I followed all the required steps and I did sign-up @ "challenge.aiforgood.itu" afterwish I created a team and finally downloaded the dataset. However, I have few questions:
1) Where is the test set?
2) How did you guys submit giving the fact that some information here is vague
3) Any starter notebook that can direct/help us. Thank you.
I agree. The problem definition is quite different.
1) You can download the submission file and test set from Zindi in the data section
2) yeah... To be honest, the context is very well written, but the actual ML problem and the description of the data are a little confusing. It's also confusing that the validation test changed in the middle of the competition, and the text information wasn't updated. I'm pretty sure a lot of people here are working with both test sets (the old and the new one). Zindi should state if both are allowed or not, and if yes, the old one should be made available for everyone again
3) What you need to know is that the "target" that you need to predict is not given in the training set. You will need to engineer it.
Guys, I would never give you the target KPI when the fault occurs in the test set. Then, you would not require any model to predict the target label.
to get the test set you should go to the link provided create an account , join the comp and you'll find 'download data'
Okay. thank you
I started the challenge the day before yesterday. And everything was clear to me thanks to the "discussion" section. Read all the threads you will find answers there.

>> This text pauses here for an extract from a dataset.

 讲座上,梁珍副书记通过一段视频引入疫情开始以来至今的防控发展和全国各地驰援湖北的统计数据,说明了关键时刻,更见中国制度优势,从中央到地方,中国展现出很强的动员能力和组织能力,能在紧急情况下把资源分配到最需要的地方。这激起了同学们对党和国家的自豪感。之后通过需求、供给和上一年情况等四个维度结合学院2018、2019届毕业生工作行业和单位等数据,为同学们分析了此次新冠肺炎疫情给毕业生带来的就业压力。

This is not a problem like the others because we must pay particular attention to the variables we use.
In the test data, you should know that at the last timestep, we have no record and we must be able to predict the response variable which is noted "target" (you can also predict the "data_rate" variable then deduce the "target" variable. It all depends on your approach).

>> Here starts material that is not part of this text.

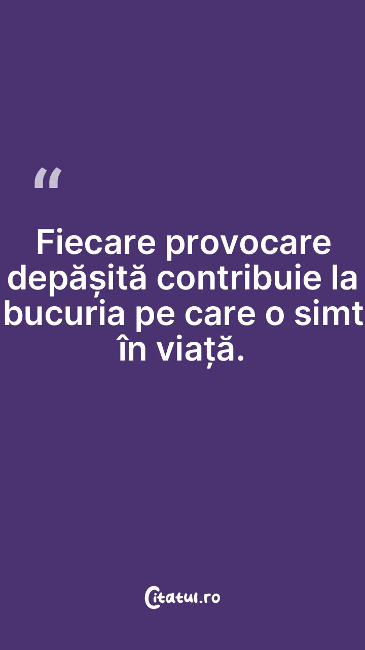 Fiecare provocare depășită contribuie la bucu ... Citește tot citatul >

In the training data, if you use certain variables you will have a perfect score. it is necessary to eliminate/handle with precaution certain variables (those with which one can predict "date_rate" directly). Train your model such that it can't see the last timestep of each NE because when inferring, the model won't see the last timestep of the NEs (reason why all values are NaN at the last timestep of the NEs).
In my opinion, here are the 2 most important discussions of the discussion section (but remember to read all the discussions)
https://zindi.africa/competitions/fault-impact-analysis-towards-service-oriented-network-operation-maintenance/discussions/17877
https://zindi.africa/competitions/fault-impact-analysis-towards-service-oriented-network-operation-maintenance/discussions/17921
Thank you @ff for the clearification.